= Measles virus encoding the human thyroidal sodium iodide symporter =

Measles virus encoding the human thyroidal sodium iodide symporter or MV-NIS is an attenuated oncolytic Edmonston (Ed) strain of measles virus.

MV-NIS will attach and fuse to host tumor cell membranes. After fusion, MV-NIS has been observed to kill the tumor cells. Due to the unique properties of iodine uptake in these cells, iodine 123 (I-123) may be used to image MV-NIS-infected tumor cells. Non-invasive imaging provides confirmation of targeted infection and allows for monitoring and visualization of treatment progression.
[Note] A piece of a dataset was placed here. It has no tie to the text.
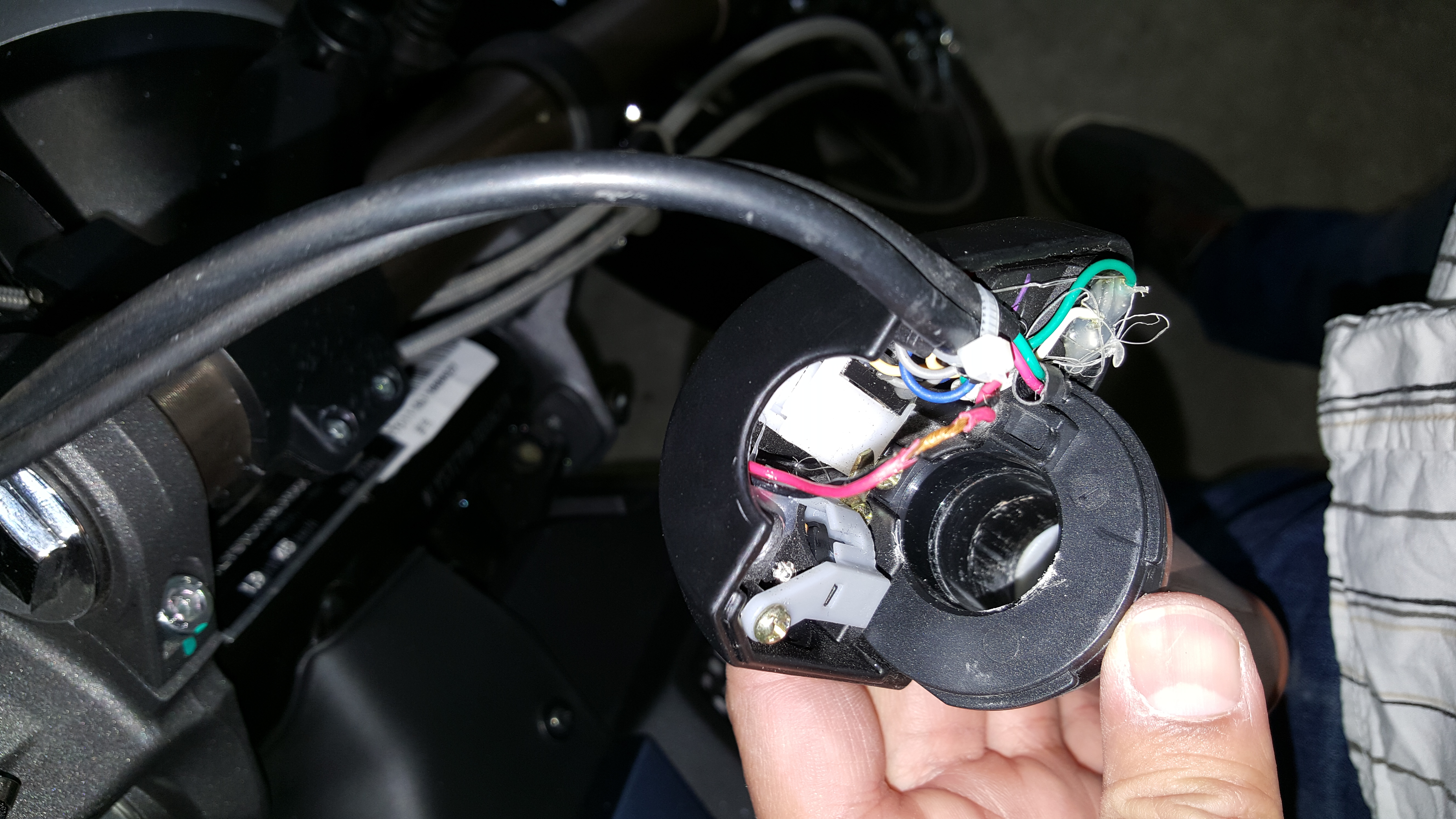 Das geht auch ein Tick einfacher wenn man maximal nur Stufe 2 verwenden will. Habe den Gasgriff mal aufgemacht um den Lichtschalter zu aktivieren.Datschi hat geschrieben: ↑So 16. Sep 2018, 19:39Da habe ich mir auch schon mal Gedanken gemacht. Am Gasgriff ist ein nicht verwendeter Lichtschalter. Wenn man die Drähte so umklemmt, das die Zuleitung vom Stufenschalter über den nicht verwendeten Schalter geht, kann man Theoretisch das so klemmen, das nur die Stufe 2 über eine Schalterstellung geschalten wird. Stufe 1-2-3 über die andere Schalterstellung. Aber ich habe mir die Mühe noch nicht gemacht, den Gasgriff zu öffnen... und wegen Garantiefall auch noch keine Gedanken gemacht.

The human CD46 antigen is known to be the functional cellular receptor for Measles virus. This type 1 integral membrane glycoprotein is a normal part of human tissue but may be overexpressed on some cancer cell types.

MV-NIS is the first targeted engineered virus therapy to have shown remission in published cancer clinical trials.

==PET/CT imaging==
A few days after infection, the host animal may be injected with radioiodine which is then selectively captured by infected cells and tumors. Detailed images may then be created showing the location of these infections and the target sites for tumor reduction monitoring.
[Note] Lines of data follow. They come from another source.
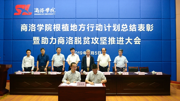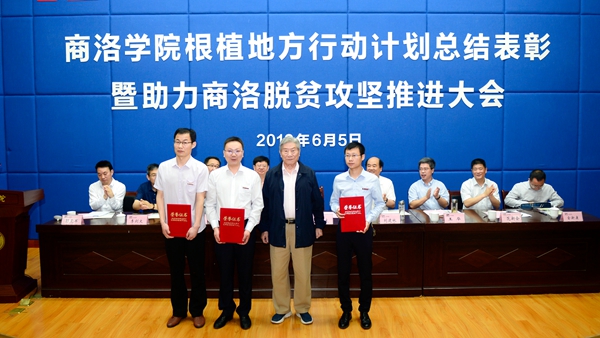 会议总结了永利官网根植地方行动计划三年来取得的成效及经验,表彰了根植地方行动计划先进集体及先进个人,颁发了2019年“赵鹏大院士奖教金”,为6个助力商洛脱贫攻坚人才服务团授旗。会上,永利官网与商洛高新区(商丹园区)管委会签订了《合作共建商洛高新区创新创业示范园协议书》,与陕西森弗天然制品有限公司签订了《共建yl23455永利官网-森弗健康学院协议》。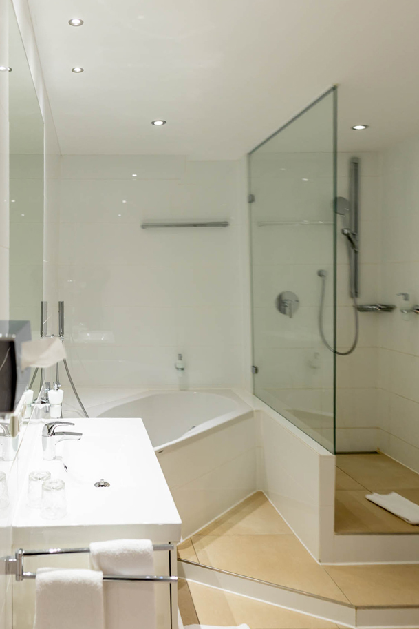 Das moderne Badezimmer, sowohl mit Dusche als auch Badewanne ausgestattet, verfügt neben dem gewohnten Komfort über ein eingebautes Radio und eine Fußbodenheizung.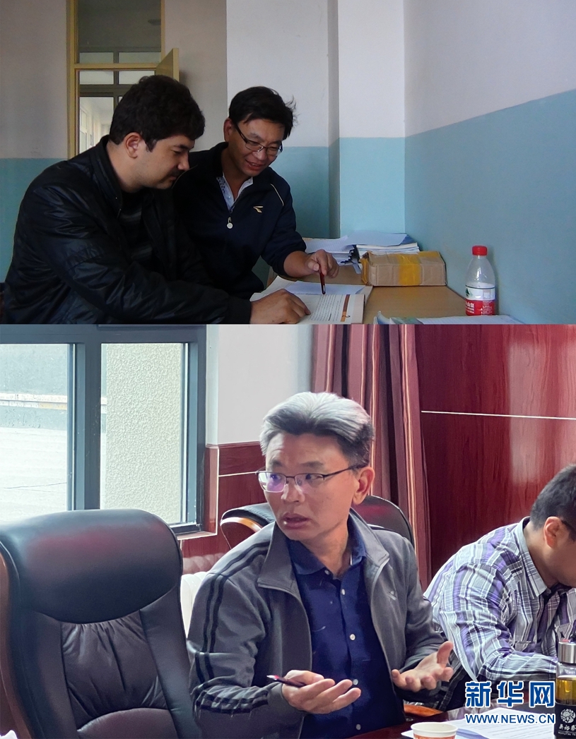 這是一張拼版照片:上圖為2014年6月23日,趙焱(右)與和田縣第二中學(xué)青年教師一起交流(新華網(wǎng)發(fā) 受訪對(duì)象供圖);下圖為2022年3月31日,趙焱(左)在玉樹(shù)州教育局參加玉樹(shù)州高三備考會(huì)。(新華網(wǎng)發(fā) 受訪對(duì)象供圖)

In the mouse model, non-invasive imaging and selective uptake have assisted in evidence for selective prostate cancer treatment.

This imaging technique is an improvement over initial efforts to engineer a measles virus to carry the soluble marker human carcinoembryonic antigen (CEA). The resultant strain, MV-CEA, could only be monitored by blood test which is not specific to areas of treatment.